I know for a fact that I read more than 1500 books before I graduated from Elementary school. But then again, I've always been a book nerd.


----------



## robin.goodfellow (Nov 17, 2008)

> Then again, the library folks were excited because the number of people who read one fiction worker a year rose to 52% this year. Which means that 48% of the adults in the country didn't read one fiction work a year. Which is kind of pathetic.


Okay, that's frightening. On the other hand, it explains a WHOLE lot about the people around me. I'm keeping a spreadsheet of books that I own (I know: obsessive much?), but it's only got current books on it. I didn't include books that I had traded away, or sold, or loaned out and never saw again. But I have to think I've read more than 1500 books in my lifetime. I mean, today that comes out to 44 books a year. Which doesn't seem unreasonable to me.


----------



## MamaProfCrash (Dec 16, 2008)

robin.goodfellow said:


> Okay, that's frightening. On the other hand, it explains a WHOLE lot about the people around me. I'm keeping a spreadsheet of books that I own (I know: obsessive much?), but it's only got current books on it. I didn't include books that I had traded away, or sold, or loaned out and never saw again. But I have to think I've read more than 1500 books in my lifetime. I mean, today that comes out to 44 books a year. Which doesn't seem unreasonable to me.


Agreed. I think I can safely say I read at least 30 books a year if not more. I have had years were I read less (right after finishing graduate school) but not too many.

Clearly we are weird. And that is a great thing.


----------



## Kind (Jan 28, 2009)

Yikes, so much reading to do! Articles are popping all over the place.


----------



## MonaSW (Nov 16, 2008)

ProfCrash said:


> Agreed. I think I can safely say I read at least 30 books a year if not more. I have had years were I read less (right after finishing graduate school) but not too many.
> 
> Clearly we are weird. And that is a great thing.


I'm in trouble, since I got my Kindle I have been averaging over 20 a month.


----------



## KindleKid (Feb 11, 2009)

MonaSW said:


> I'm in trouble, since I got my Kindle I have been averaging over 20 a month.

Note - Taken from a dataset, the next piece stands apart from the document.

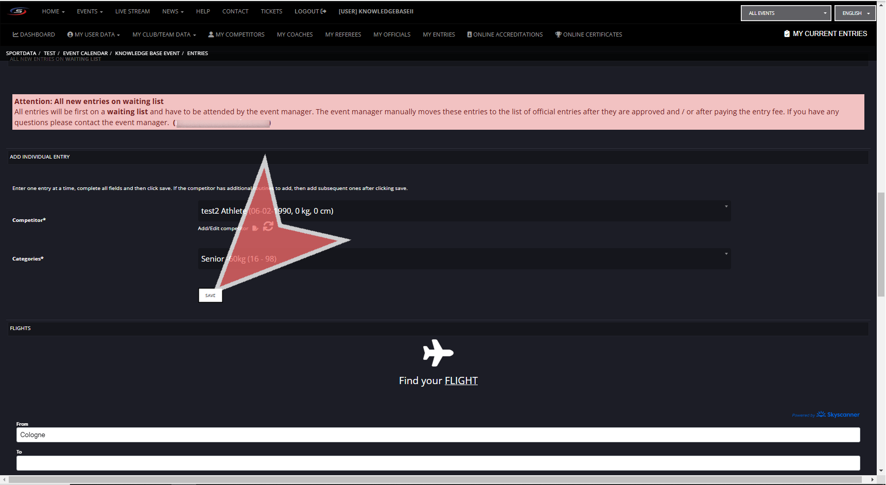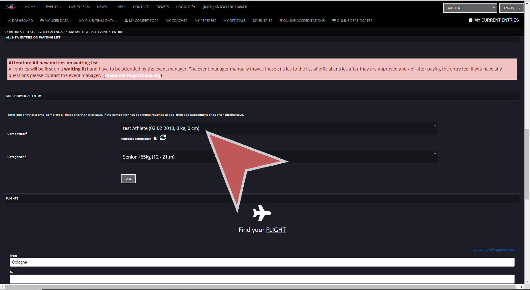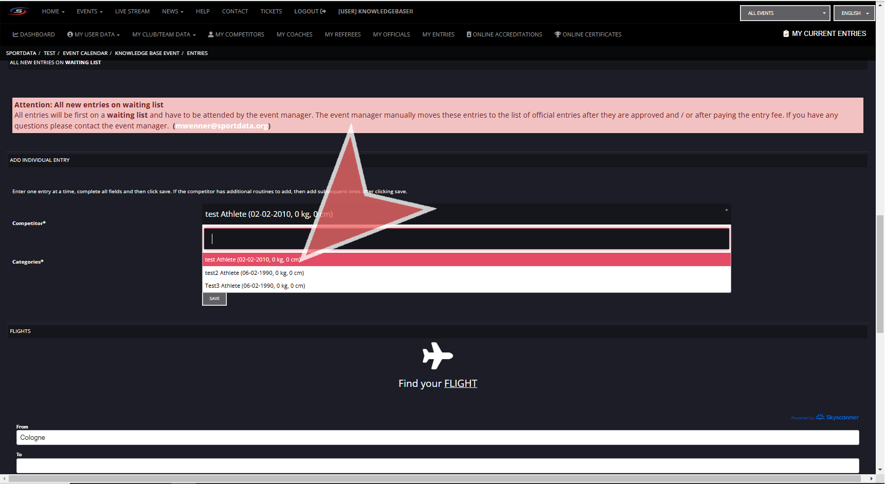 Now that you have your athletes profile created, you can add them to the event registration
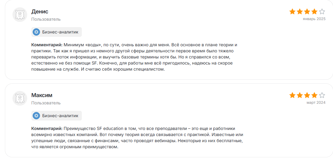 В целом отзывы о курсе Бизнес аналитик от SF Education неплохие. Люди пишут, что в содержании минимум “воды”, а преподаватели и правда делятся знаниями. полезными в практике. Однако данные комментарии могут быть и рекламными. Негативные же оценки мы не обнаружили.

That's insane! Do you a day job?


----------



## standaman (Feb 11, 2009)

Thanks for those! Awesome stuff.


----------



## MonaSW (Nov 16, 2008)

KindleKid said:


> That's insane! Do you a day job?


Yes, I work 9 hours a day, most days. I just read very fast.


----------



## MamaProfCrash (Dec 16, 2008)

Admins: Could we change the name of this thread to Kindle in the Media? It would be nice to have one place to look for Kindle info and it would decrease the amount of topics created. I don't know if that is an issue for the board but there are boards were the more topics = more space used = more costly.

http://www.nytimes.com/2009/02/11/business/economy/11leonhardt.html?_r=2&scp=1&sq=tricky%20question&st=cse (Kindle as economic saver)

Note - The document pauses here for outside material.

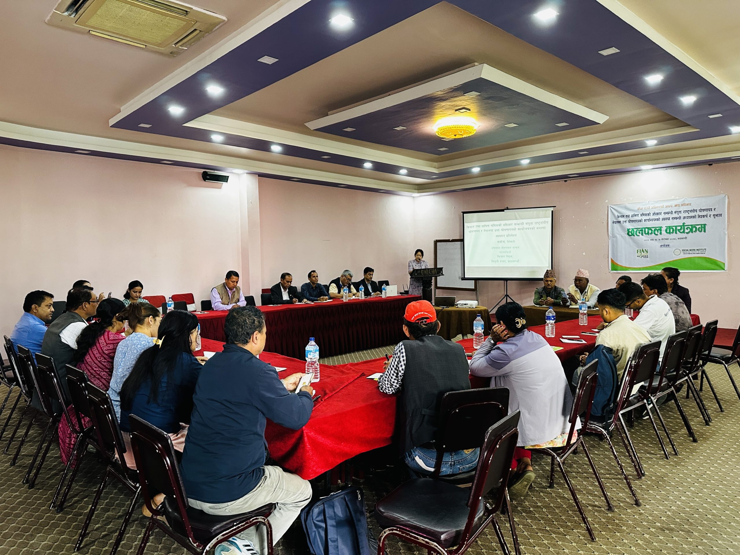 फियान नेपाल (FIAN Nepal)तथा सामाजिक सेवा अध्ययन केन्द्र (Social Work Institute – SWI) ले संयुक्त रुपमा सम्पन्न गरेको किसान तथा ग्रामिण श्रमिकको अधिकार सम्बन्धी संयुक्त राष्ट्रसंघीय घोषणापत्र (United Nations Declaration on the Rights of Peasants and Other People Working in Rural Areas) र नेपालमा उक्त घोषणापत्र कार्यान्वयनको अवस्था सम्बन्धी अध्ययनको निश्कर्ष सम्बन्धित सरोकारवालाहरुमा जानकारी गराउने उद्देश्यका साथ छलफल कार्यक्रम आयोजना गरेको छ । उक्त कार्यक्रममा संघको कृषि तथा प्राकृतिक श्रोत समितिका माननीय सदस्य, राष्ट्रिय किसान आयोगका माननीय सदस्य, राष्ट्रिय मानव अधिकार आयोगका प्रतिनिधि, किसान संघ संसथाका प्रतिनिधी तथा विभिन्न गैर सरकारी निकायका प्रमुख तथा प्रतिनिधीहरुको उपस्थिती रहेको थियो । फियान नेपालको अध्यक्ष गोकर्ण रुपाखेतीले अध्यक्षता गनुभएको उक्त कार्यक्रममा अधिवक्ता मोहन आचार्यले अध्ययनको निश्कर्ष शेयर गर्नुभएको थियो

> I asked behavioral economists for some other examples, and they helped me come up with a nice little list. Parents of young children can join Costco and make up their membership fee with just a few months of diaper purchases. Drivers can inflate their tires, change their air and fuel filters and start getting better mileage. Frequent book buyers who don't mind screen reading can buy the new Kindle. It costs $359, but most new books then cost less than $10.


----------



## MamaProfCrash (Dec 16, 2008)

http://blogs.reuters.com/mediafile/2009/02/10/amazons-jeff-bezos-talks-about-kindle-2/ Rueters interview with Jeff Bezos

Interesting, he mentions selling Kindle books on mobile devices. His answer isn't totally evasive or the stock "We don't discuss that" which makes me think that something thing is going to be announced sooner rather then later.


----------



## KBoards Admin (Nov 27, 2007)

ProfCrash said:


> Admins: Could we change the name of this thread to Kindle in the Media? It would be nice to have one place to look for Kindle info and it would decrease the amount of topics created. I don't know if that is an issue for the board but there are boards were the more topics = more space used = more costly.
> 
> http://www.nytimes.com/2009/02/11/business/economy/11leonhardt.html?_r=2&scp=1&sq=tricky%20question&st=cse (Kindle as economic saver)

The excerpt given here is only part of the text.